++++ EXCERPTED RECORDS

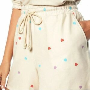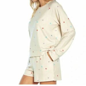 WILDFOX Sweatshirt Short Lounge Set Pajamas Super Soft Ivory/Cream/Oatmeal Heart Print 2XL
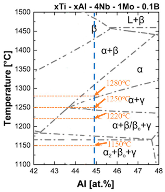 Binary phase diagram of xTi-xAl-4Nb-1Mo-0.1B [ at. %].
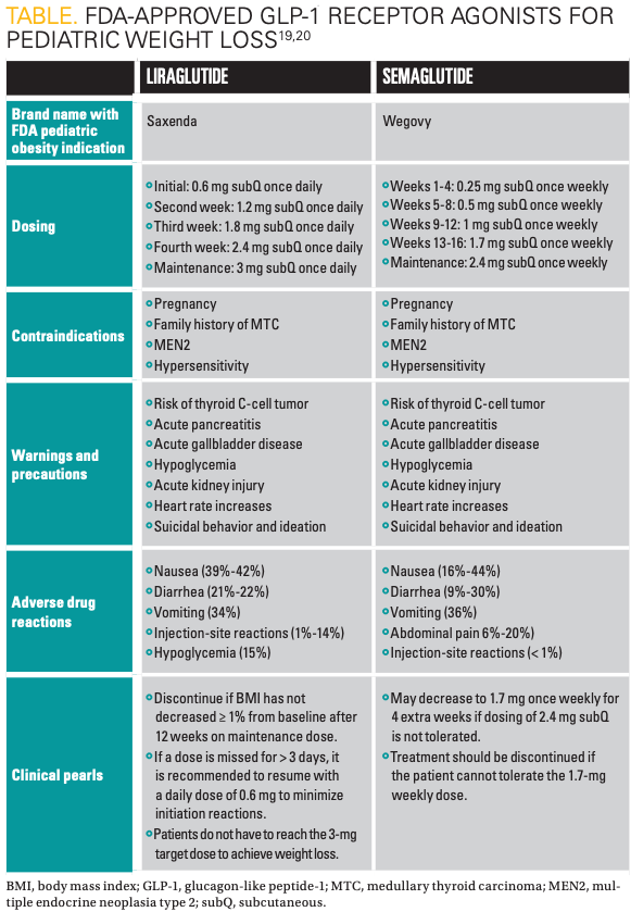 The FDA granted approval for the first GLP-1 RAs in April 2005 for blood glucose control in adult patients with type 2 diabetes.15 The medication class contains dulaglutide, exenatide, semaglutide, liraglutide, and lixisenatide. Of these, liraglutide and semaglutide are FDA approved for pediatric weight loss.16,17 In December 2020, liraglutide received approval as an adjunctive agent to lifestyle modifications for chronic weight management in pediatric patients 12 years and older with body weight greater than 60 kg and an initial BMI greater than 30 kg/m2 .17 In December 2022, the FDA approved semaglutide as an adjunctive agent to lifestyle modifications for chronic weight management in pediatric patients 12 years and older with an initial BMI equal to or greater than the 95th percentile standardized for age and sex.17 The clinical trial (STEP TEENS; NCT04102189) showed semaglutide was superior to placebo with a change in BMI percentage by week 68 at –16.1% with semaglutide vs +0.6% with placebo. Patients commonly experienced nausea, vomiting, diarrhea, headache, and abdominal pain during the study. Discontinuation of the trial regimen occurred in 5% in semaglutide group and 4% in the placebo group due most commonly to gastrointestinal events.16 Liraglutide (Saxenda) was evaluated in a placebo controlled 56 week long clinical trial with a resulting 2.65% reduction in body weight with liraglutide vs 2.37% increase in body weight with placebo. Gastrointestinal events were common and were the most common reason for regimen discontinuation at 10% in the liraglutide group and 0% in the placebo group.17 Of note, exenatide has been shown to significantly reduce BMI in adolescent patients with severe obesity compared with placebo; however, exenatide is not FDA approved for use in the pediatric population for this indication.18
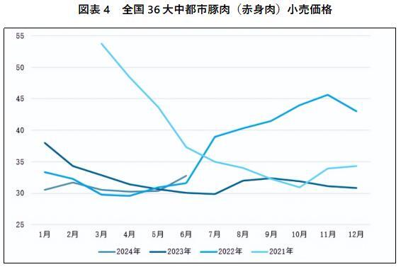歴史化の過程、政策の導きと疫病の後押しに伴い、生豚業界の集中度が向上し、多くの小規模養殖場が2018年の豚コレラの中でアウトになり、業界の集中度の向上の過程を加速した。同時に、中国における生豚飼育数の下落幅は絶えず拡大し、豚の価格は大幅に上昇し、豚サイクルは上昇し、「スーパーピッグサイクル」をもたらした。しかし、2021年に入り、生豚の飼育数の回復と市場需要の相対的な下落に伴い、豚肉価格は下降道に入り始めた。豚の周期の変化に伴い、ここ2年は新旧豚の周期が代替えする過渡期である。この段階では生産能力は十分に解消されておらず、価格は低位置で揺れ動いている段階にある。2024年6月、全国36の大中都市の豚肉(赤身肉)の小売価格は32.76元/kgで、前月比2.42元/kg増加し、前年同期比2.68元/kg増加した。
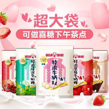 悠哈 特浓牛奶糖1kg 分享装 婚庆喜糖 休闲零食糖果 独立包装
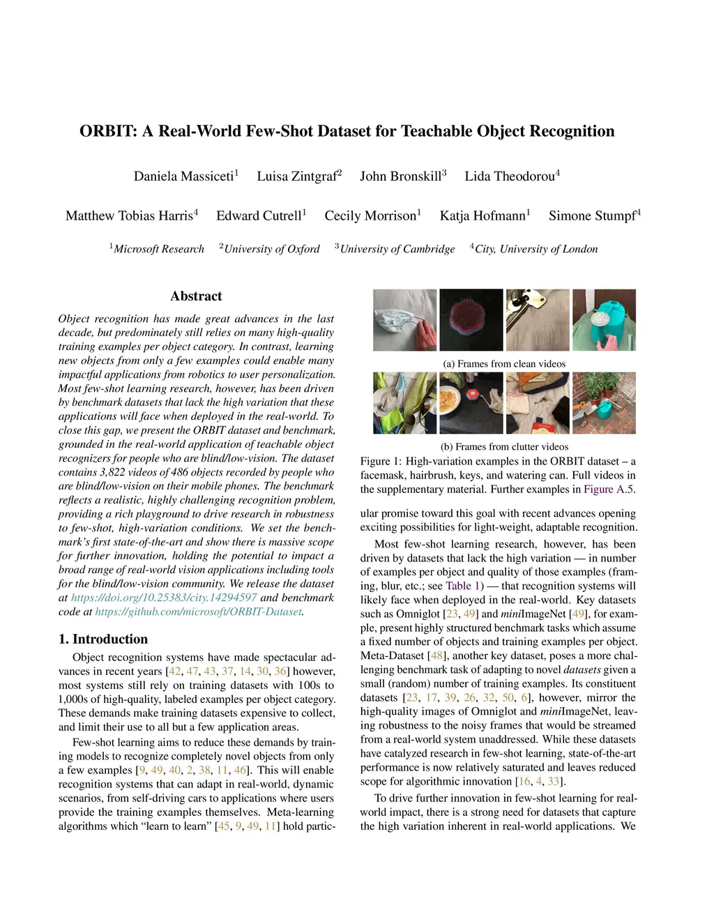 ORBIT: A Real-World Few-Shot Dataset for Teachable Object Recognition
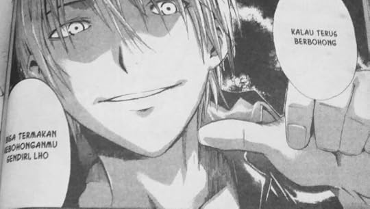 The ending. No spoilers but it was a bit ridiculous coming from the killer. Possible bad ending because it cuts off to let the reader decide what happened. And no: there are no other Doubt sources to conclude it after that last volume. While I did feel like I got cheated because of what possibly happens to the character (I liked them, dammit!) but how it all happened then just got... silly. I would have been fine if the whole events started because of the first reason (you know, the one without the biggest suspension of belief, for those that have already read them all) but... but...
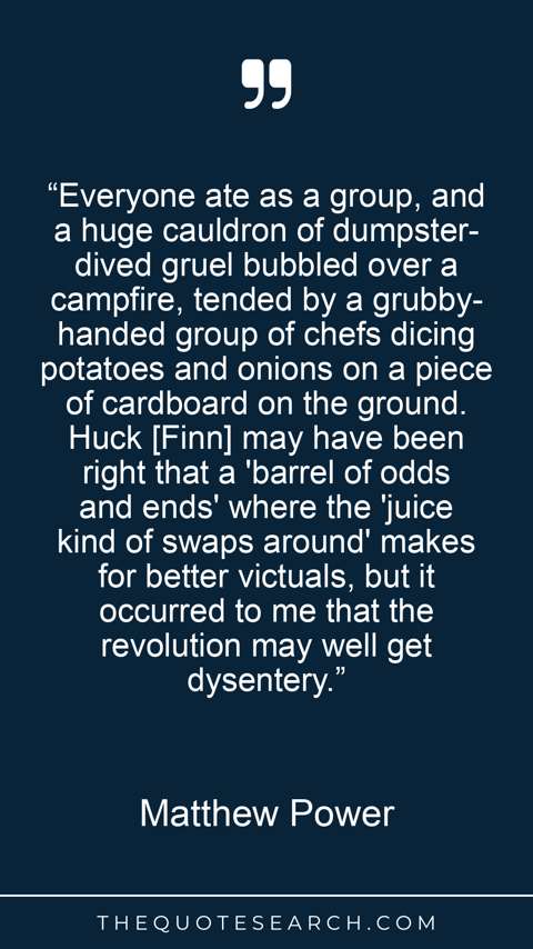 “Everyone ate as a group, and a huge cauldron of dumpster-dived gruel bubbled over a campfire, tended by a grubby-handed group of chefs dicing potatoes and onions on a piece of cardboard on the ground. Huck [Finn] may have been right that a 'barrel of odds and ends' where the 'juice kind of swaps around' makes for better victuals, but it occurred to me that the revolution may well get dysentery.”

++++++++

■ **WORK INSTRUCTIONS**
With the images removed, write out all of the material above exactly.

■ **ANSWER BOX**
 WILDFOX Sweatshirt Short Lounge Set Pajamas Super Soft Ivory/Cream/Oatmeal Heart Print 2XL
 Binary phase diagram of xTi-xAl-4Nb-1Mo-0.1B [ at. %].
 The FDA granted approval for the first GLP-1 RAs in April 2005 for blood glucose control in adult patients with type 2 diabetes.15 The medication class contains dulaglutide, exenatide, semaglutide, liraglutide, and lixisenatide. Of these, liraglutide and semaglutide are FDA approved for pediatric weight loss.16,17 In December 2020, liraglutide received approval as an adjunctive agent to lifestyle modifications for chronic weight management in pediatric patients 12 years and older with body weight greater than 60 kg and an initial BMI greater than 30 kg/m2 .17 In December 2022, the FDA approved semaglutide as an adjunctive agent to lifestyle modifications for chronic weight management in pediatric patients 12 years and older with an initial BMI equal to or greater than the 95th percentile standardized for age and sex.17 The clinical trial (STEP TEENS; NCT04102189) showed semaglutide was superior to placebo with a change in BMI percentage by week 68 at –16.1% with semaglutide vs +0.6% with placebo. Patients commonly experienced nausea, vomiting, diarrhea, headache, and abdominal pain during the study. Discontinuation of the trial regimen occurred in 5% in semaglutide group and 4% in the placebo group due most commonly to gastrointestinal events.16 Liraglutide (Saxenda) was evaluated in a placebo controlled 56 week long clinical trial with a resulting 2.65% reduction in body weight with liraglutide vs 2.37% increase in body weight with placebo. Gastrointestinal events were common and were the most common reason for regimen discontinuation at 10% in the liraglutide group and 0% in the placebo group.17 Of note, exenatide has been shown to significantly reduce BMI in adolescent patients with severe obesity compared with placebo; however, exenatide is not FDA approved for use in the pediatric population for this indication.18
歴史化の過程、政策の導きと疫病の後押しに伴い、生豚業界の集中度が向上し、多くの小規模養殖場が2018年の豚コレラの中でアウトになり、業界の集中度の向上の過程を加速した。同時に、中国における生豚飼育数の下落幅は絶えず拡大し、豚の価格は大幅に上昇し、豚サイクルは上昇し、「スーパーピッグサイクル」をもたらした。しかし、2021年に入り、生豚の飼育数の回復と市場需要の相対的な下落に伴い、豚肉価格は下降道に入り始めた。豚の周期の変化に伴い、ここ2年は新旧豚の周期が代替えする過渡期である。この段階では生産能力は十分に解消されておらず、価格は低位置で揺れ動いている段階にある。2024年6月、全国36の大中都市の豚肉(赤身肉)の小売価格は32.76元/kgで、前月比2.42元/kg増加し、前年同期比2.68元/kg増加した。
 悠哈 特浓牛奶糖1kg 分享装 婚庆喜糖 休闲零食糖果 独立包装
 ORBIT: A Real-World Few-Shot Dataset for Teachable Object Recognition
 The ending. No spoilers but it was a bit ridiculous coming from the killer. Possible bad ending because it cuts off to let the reader decide what happened. And no: there are no other Doubt sources to conclude it after that last volume. While I did feel like I got cheated because of what possibly happens to the character (I liked them, dammit!) but how it all happened then just got... silly. I would have been fine if the whole events started because of the first reason (you know, the one without the biggest suspension of belief, for those that have already read them all) but... but...
 “Everyone ate as a group, and a huge cauldron of dumpster-dived gruel bubbled over a campfire, tended by a grubby-handed group of chefs dicing potatoes and onions on a piece of cardboard on the ground. Huck [Finn] may have been right that a 'barrel of odds and ends' where the 'juice kind of swaps around' makes for better victuals, but it occurred to me that the revolution may well get dysentery.”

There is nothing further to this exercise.